Thomas Burris, Ph.D., Professor and Chair of Pharmacological and Physiological Science, recently published an article in Cancer Cell. The article details his research on stopping cancer cell growth by targeting the energy source that tumors use to grow.

Cancer cells almost always prefer glucose as their energy source and use glycolysis, also called the Warburg effect, to reproduce. The researchers found that a drug they developed, SR9243, can inhibit the Warburg effect by inducing the nuclear receptor, liver-X-receptor (LXR), which regulates the expression of key glycolytic and lipogenic genes, thus disrupting key oncogenic metabolic pathways. The drug also induced apoptosis in tumor cells with few side effects.

So far, SR9243 has been tested in cultured cancer cells and in some animal models with promising results for some cancers, including lung, prostate, and colorectal cancer. There is also evidence that SR9243 could increase the effectiveness of existing chemotherapy drugs when they are used in combination.

For more information, read the full article in Newslink.

Increasing Bone Formation in Osteoporosis
May 29, 2015

Rajeev Aurora, Ph.D., Associate Professor of Molecular Microbiology and Immunology, published an article in the May 2015 issue of the Journal of Bone and Mineral Research. The article details his research on the causes of bone resorption and formation in osteoporosis.

The group showed that the protein, RANKL (receptor-activator of NF-kappa B ligand), stimulates osteoclasts and induces a pathway of bone resorption in high doses, causing bone disorders such as osteoporosis, periodontitis, and rheumatoid arthritis. However, they found that when RANKL was given to mice in small doses, it had the opposite effect of suppressing osteoclast activity and increasing bone formation. Their research has potential clinical significance in developing new treatments for bone disorders.

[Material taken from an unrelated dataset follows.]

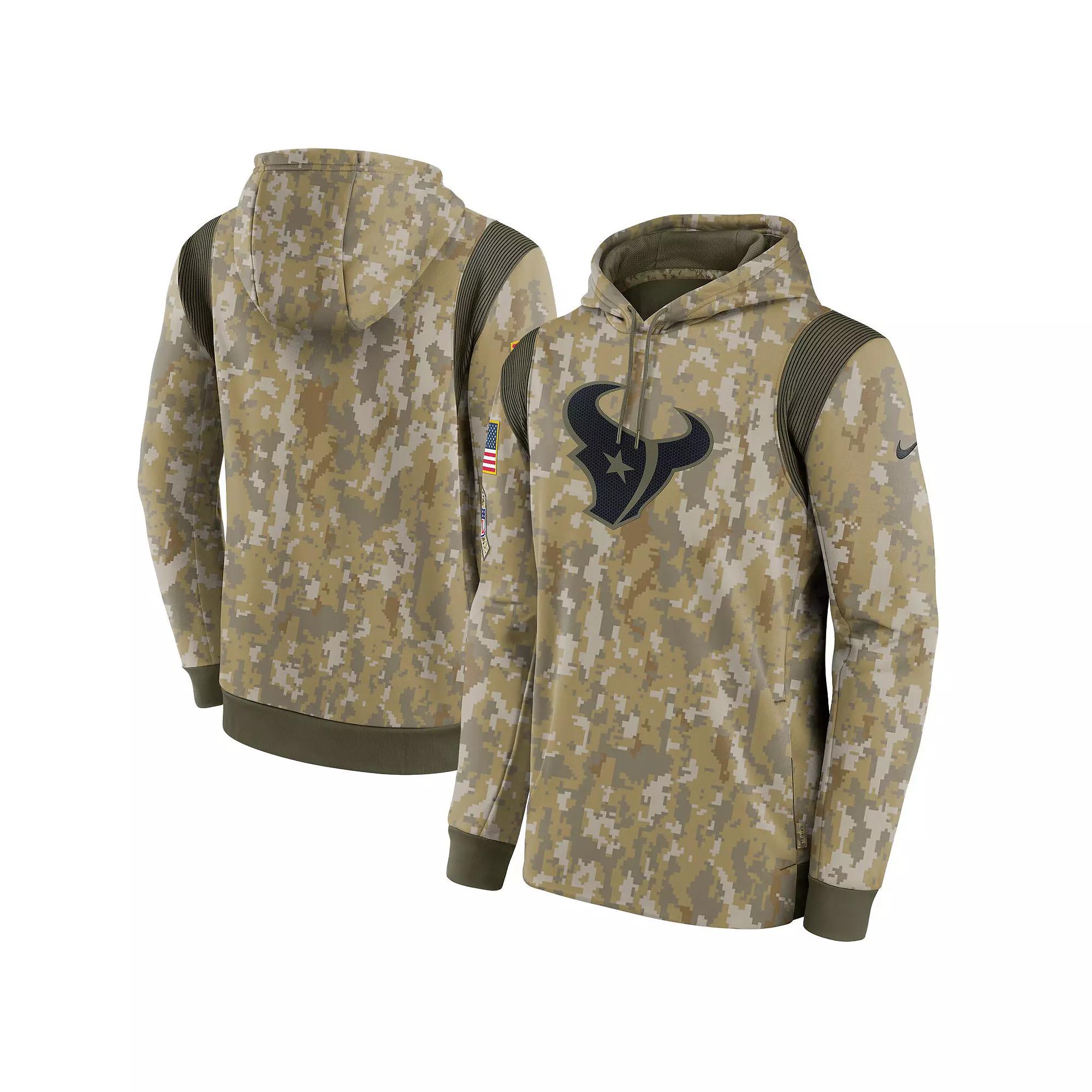 Honor our service members while supporting the Houston Texans with this Salute To Service Therma Performance Pullover Hoodie. This Nike top features a military-inspired color scheme, complete with the American flag and Salute To Service ribbon appliques. The fleece-lined body combines with Nike Therma fabric to help manage your body's natural heat while the Dri-FIT performance technology is designed to wick away moisture, leaving you warm and comfortable all game long. The NFL does not profit from the sale of Salute to Service products. Charitable contributions are awarded by the NFL Foundation to the NFL's military nonprofit partners. For more information, please visit www.NFL.com/causes/salute.Honor our service members while supporting the Houston Texans with this Salute To Service Therma Performance Pullover Hoodie. This Nike top features a military-inspired color scheme, complete with the American flag and Salute To Service ribbon appliques. The fleece-lined body combines with Nike Therma fabric to help manage your body's natural heat while the Dri-FIT performance technology is designed to wick away moisture, leaving you warm and comfortable all game long. The NFL does not profit from the sale of Salute to Service products. Charitable contributions are awarded by the NFL Foundation to the NFL's military nonprofit partners. For more information, please visit www.NFL.com/causes/salute.PRODUCT FEATURESFront pouch pocket with mesh liningOfficially licensedPrinted team logo on chestHoodedLong sleeveMachine wash, tumble dry lowDri-FIT technology wicks away moistureWoven team color clip tag at right pocketMaterial: 100% PolyesterFleece-lined body and sleevesRib-knit elastic panels at shoulder cuffsSewn-on woven flag and ribbon appliques on right sleevePulloverMidweight hoodie suitable for moderate temperaturesWoven On-Field Engineered clip tag at lower left sideBack neck taping with woven camo patternImportedHood with drawstring and mesh liningBrand: NikeEmbroidered Nike logo on left sleeveNike Therma fabric helps manage your body's natural heat to keep you warm Color: Green. Gender: male. Age Group: adult.
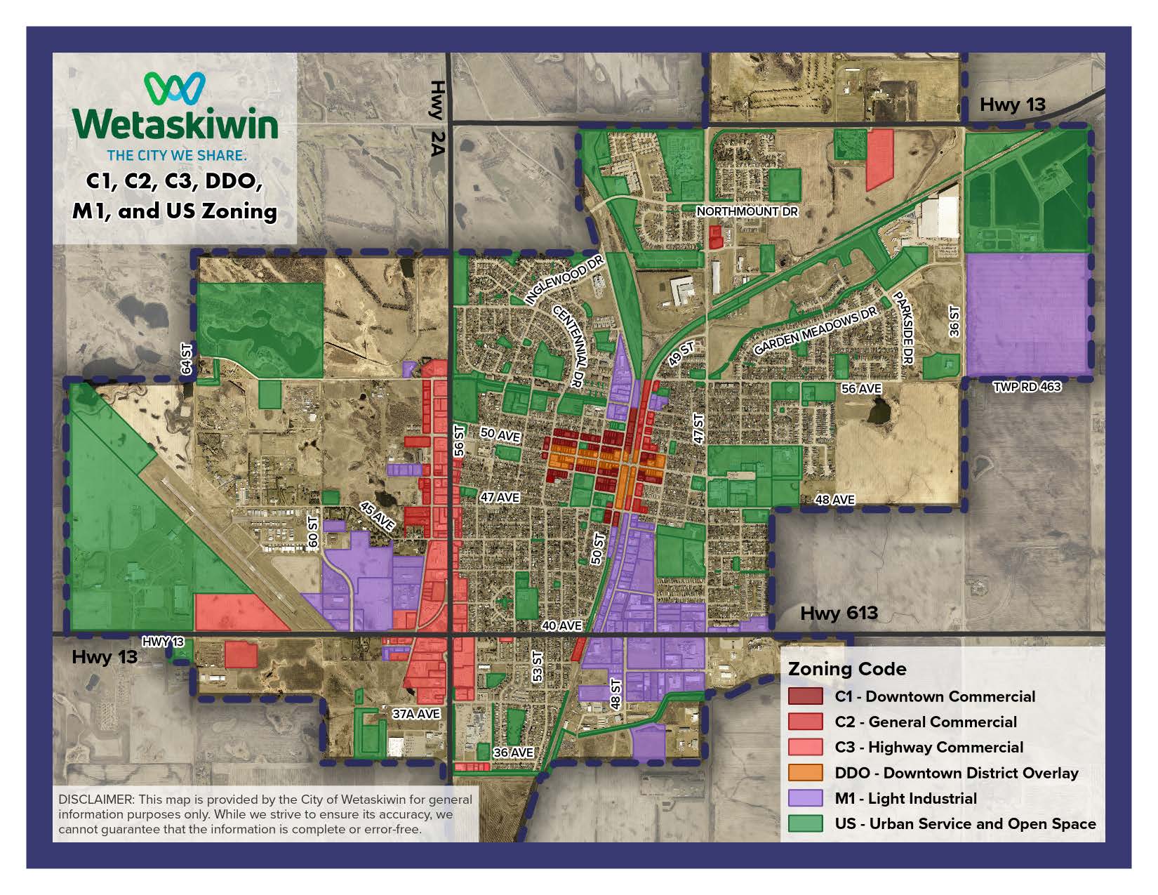 You are invited to provide input on Bylaw 2104-26. This bylaw would allow Community Support Service as a discretionary use in the commercial, industrial, and institutional districts shown on the map below.

Treatment for Chronic Pain
April 24, 2015

Daniela Salvemini, Ph.D., Professor of Pharmacological and Physiological Science, recently published an article in Journal of Neuroscience reporting studies to block chronic neuropathic pain. The studies were done in collaboration with researchers at the NIH, the University of Arizona, and two institutes in Quebec, Canada.

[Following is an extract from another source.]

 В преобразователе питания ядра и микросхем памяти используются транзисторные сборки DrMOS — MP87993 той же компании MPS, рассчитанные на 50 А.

The researchers previously found that activating the A3 adenosine receptor (A3AR) pathway provides significant pain reduction. Their current studies aimed at discovering the mechanism by which A3AR provides pain relief. They found that the A3AR drugs activated gamma amino-butyric acid (GABA). This inhibitory transmitter system turns off the signals that cause the pain sensation in the brain and spinal cord. In patients with chronic pain, GABA signaling is reduced or lost.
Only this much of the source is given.